What to do
None of the pictures should appear; the lines from the line containing "Tunkasila, Tunkasila, Tunkasila, Oh" through the last line of the listing must be repeated exactly.

Data block
>>>
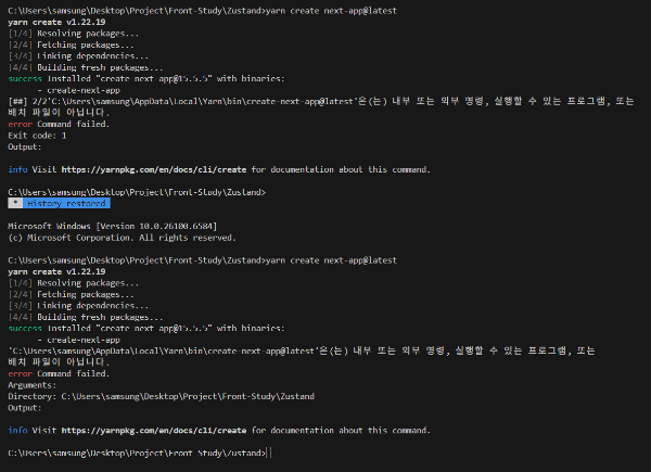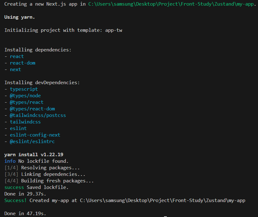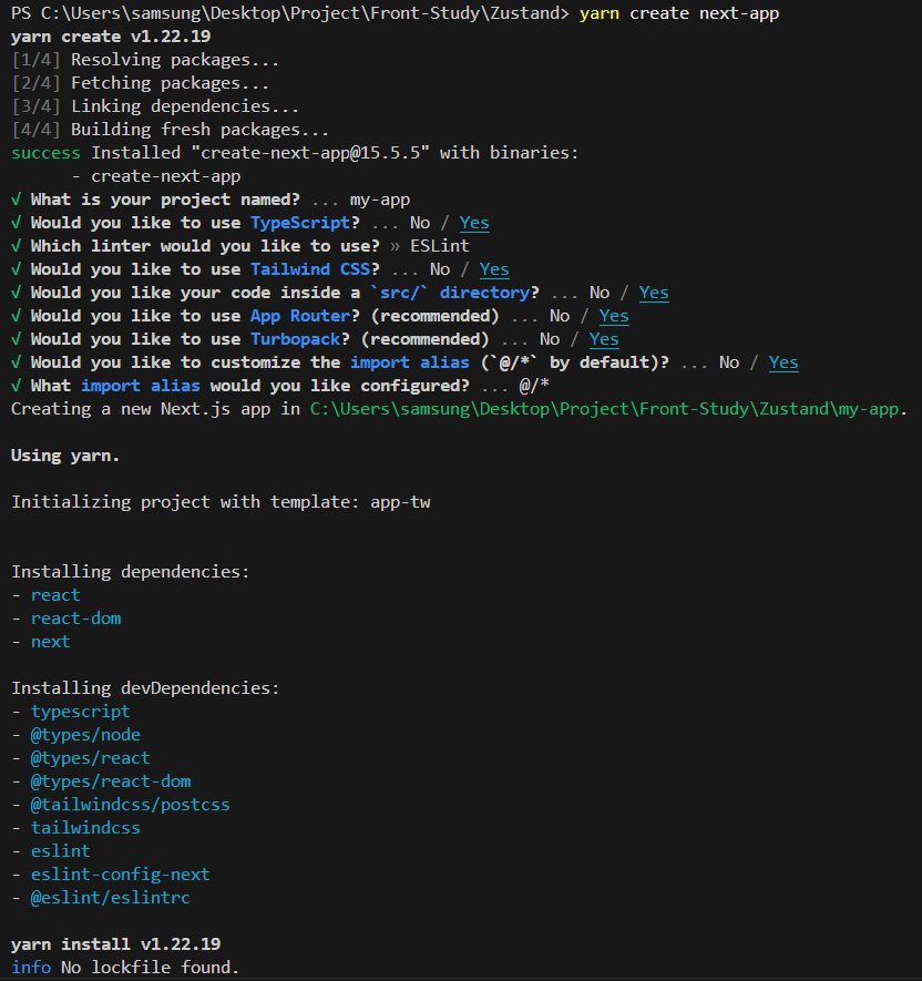 C:\Users\samsung\Desktop\Project\Front-Study\Zustand>yarn create next-app@latest
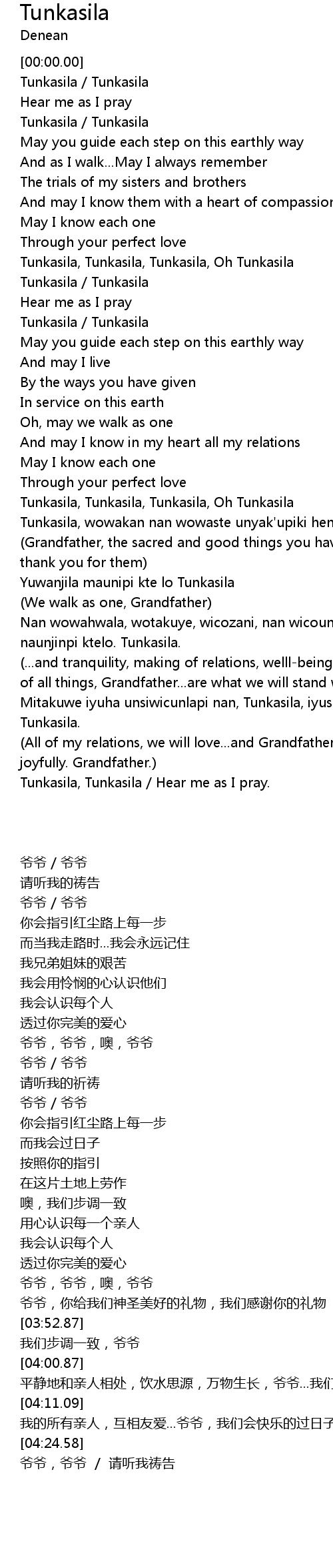 Tunkasila, Tunkasila, Tunkasila, Oh Tunkasila |
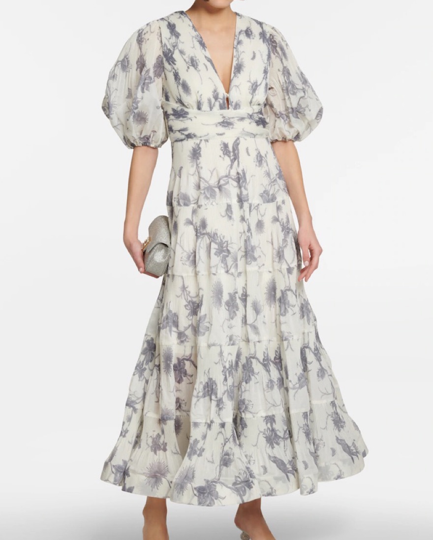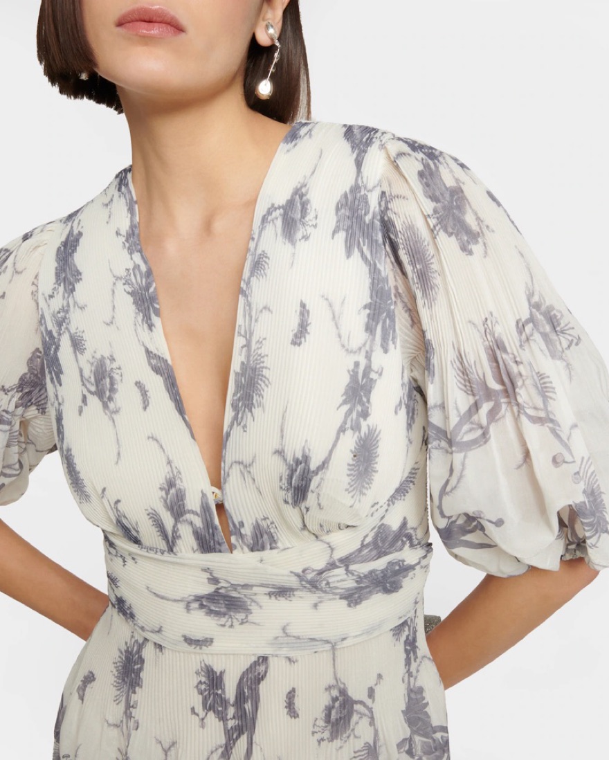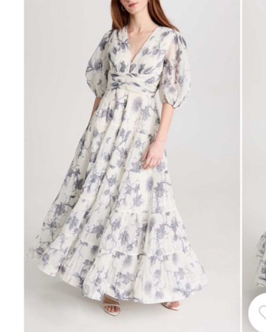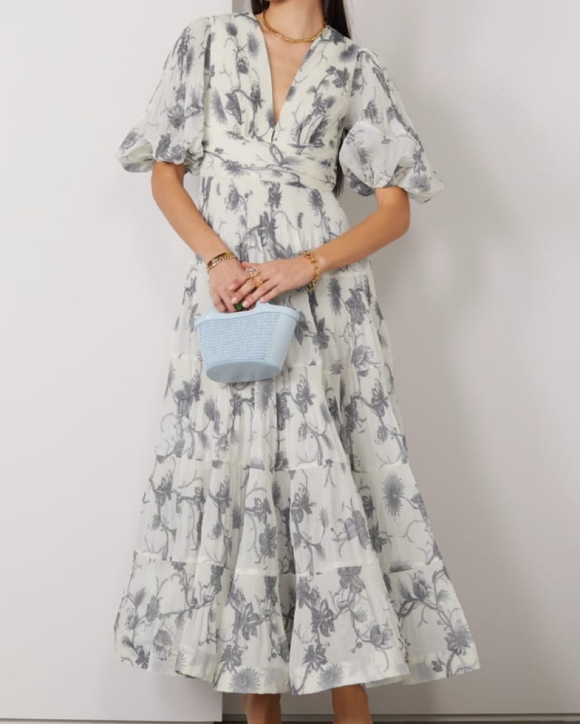 Kiera midi dress in navy floral. Tags: wedding guest, black tie, gala, formal, vacation, Mexico, Italy, Spain, Europe, rehearsal dinner, welcome party, bridal shower, cocktail party, engagement party, bride, Zimmermann, Anna October, Staud, Cult Gaia, loveshackfancy, A.L.C., Self Portrait
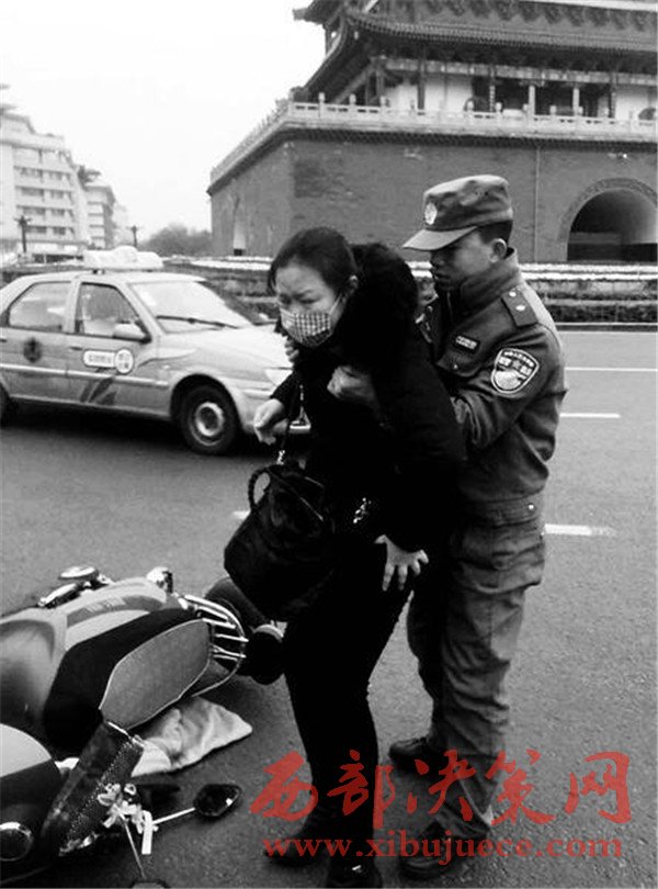 昨天17時10分,碑林區(qū)城市管理局柏樹林中隊執(zhí)法隊員馬奔和張翼在鐘樓開元商城區(qū)域正常開展巡查時,突然看見一名中年女子騎著電動車路過鐘樓十字右拐過程中,被一輛轎車撞了一下,緊接著,騎車的中年女子連人帶車倒在地上,肇事車輛當場逃逸。
<<<
Response area
 Tunkasila, Tunkasila, Tunkasila, Oh Tunkasila |
 Kiera midi dress in navy floral. Tags: wedding guest, black tie, gala, formal, vacation, Mexico, Italy, Spain, Europe, rehearsal dinner, welcome party, bridal shower, cocktail party, engagement party, bride, Zimmermann, Anna October, Staud, Cult Gaia, loveshackfancy, A.L.C., Self Portrait
 昨天17時10分,碑林區(qū)城市管理局柏樹林中隊執(zhí)法隊員馬奔和張翼在鐘樓開元商城區(qū)域正常開展巡查時,突然看見一名中年女子騎著電動車路過鐘樓十字右拐過程中,被一輛轎車撞了一下,緊接著,騎車的中年女子連人帶車倒在地上,肇事車輛當場逃逸。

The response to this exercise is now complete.